"Too open" about it...
I wonder how many of us have heard this, from well-meaning people... I heard it yesterday & I'm still trying to process my feelings.
I was talking to a friend about a recently-met other person, and my feeling that this person seemed to have difficulty, at times, finding things to say to me. My friend's response was that perhaps I'm too open about having an autistic child- implying that it puts people off. That this is what would make it hard for someone to find things to say to me.
I have gone round & round in my head- & out loud to Charlie- for a long time, about how to speak of autism & how it affects me & my family. I certainly don't want to be obnoxious, single-mindedly harping on the topic night & day- that just turns people off. I do my best to speak positively & respectfully about my son & my whole family, to retain our human dignity. Having been disabled in the past, I know that people prefer not to hear about difficult things. They are uncomfortable, they don't want to to have uncomfortable things brought to their attention. It's so much easier if we just stay invisible... I have tried being invisible- which is easier on some levels, but feels very much like pretending, like faking. I have tried saying as little as possible- waiting, say, until Brendan does something obviously "different" in public, & then being open to answering questions (as if anyone's brave enough to ask...). These approaches meet the needs of our society, to some extent, but they certainly don't meet the needs of my kid or my family! It just feeds the dominant paradigm of ignorance & cruelty by acting as if there's nothing different about my child or my family. It doesn't prepare society to meet us or accept us.

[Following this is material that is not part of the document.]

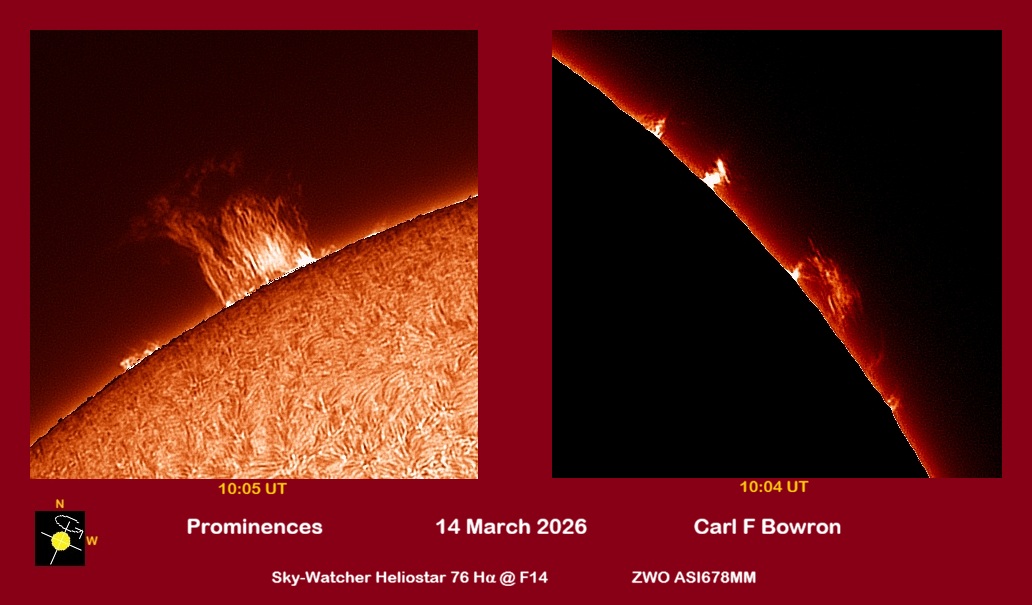 Observation by Carl Bowron: SUN 20260314 1004-1005UT PROM HALPHA CFB
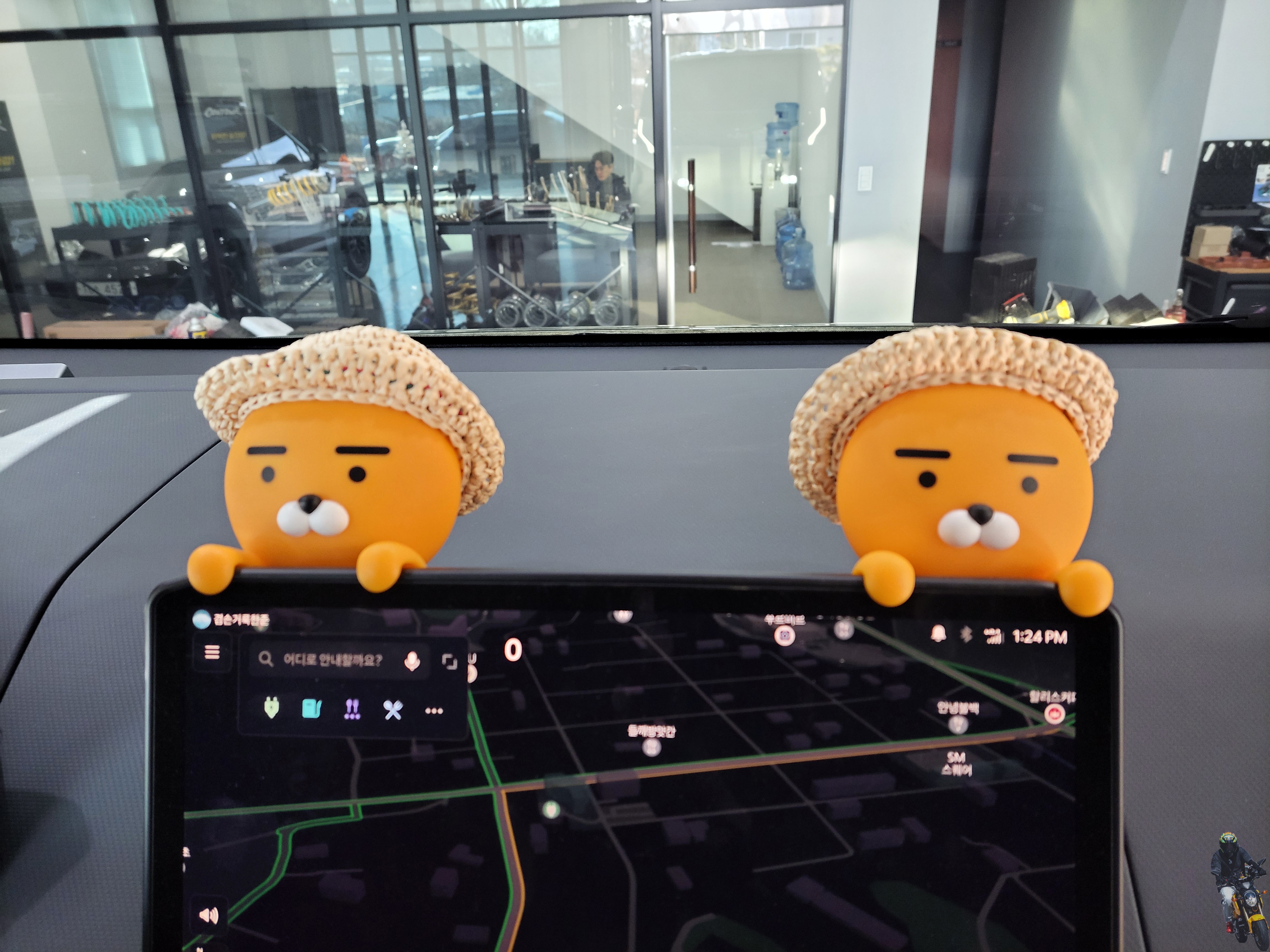 PV5 차량 센터 디스플레이 위로 이렇게 라이언 두 마리가

So, I talk openly about my autistic son & about being an autism family. I'm as proud of him & his accomplishments as any mom, & I don't see any of it as being "in spite of" his autism- sometimes, what makes me proud of him is a result of his autism, a result of who he uniquely is. Our family is different than many, too, & I think it's important to let others know about our journey. If I don't talk about us, how will anyone know that they know a family that lives with autism? How will they know that it's not just something that happens to other people? How will they learn our truth about autism- that it's possible to live with it & love someone with it & be proud of that person- & understand that there isn't just one way to think or feel about autism? How can we change the world if we hide?
I believe that we are doing nothing less than changing the world, by being who we are, loving each other for who we are, & telling the world about it. I know that I risk seeming like a "Johnny one-note" when it comes to autism, but it feels terribly important to me to prepare the way for the rest of Brendan's life by talking about difficult things now. As an autism parent, I feel like I'm on the front lines of a desperately important issue- how society is going to make room for my son as he grows up.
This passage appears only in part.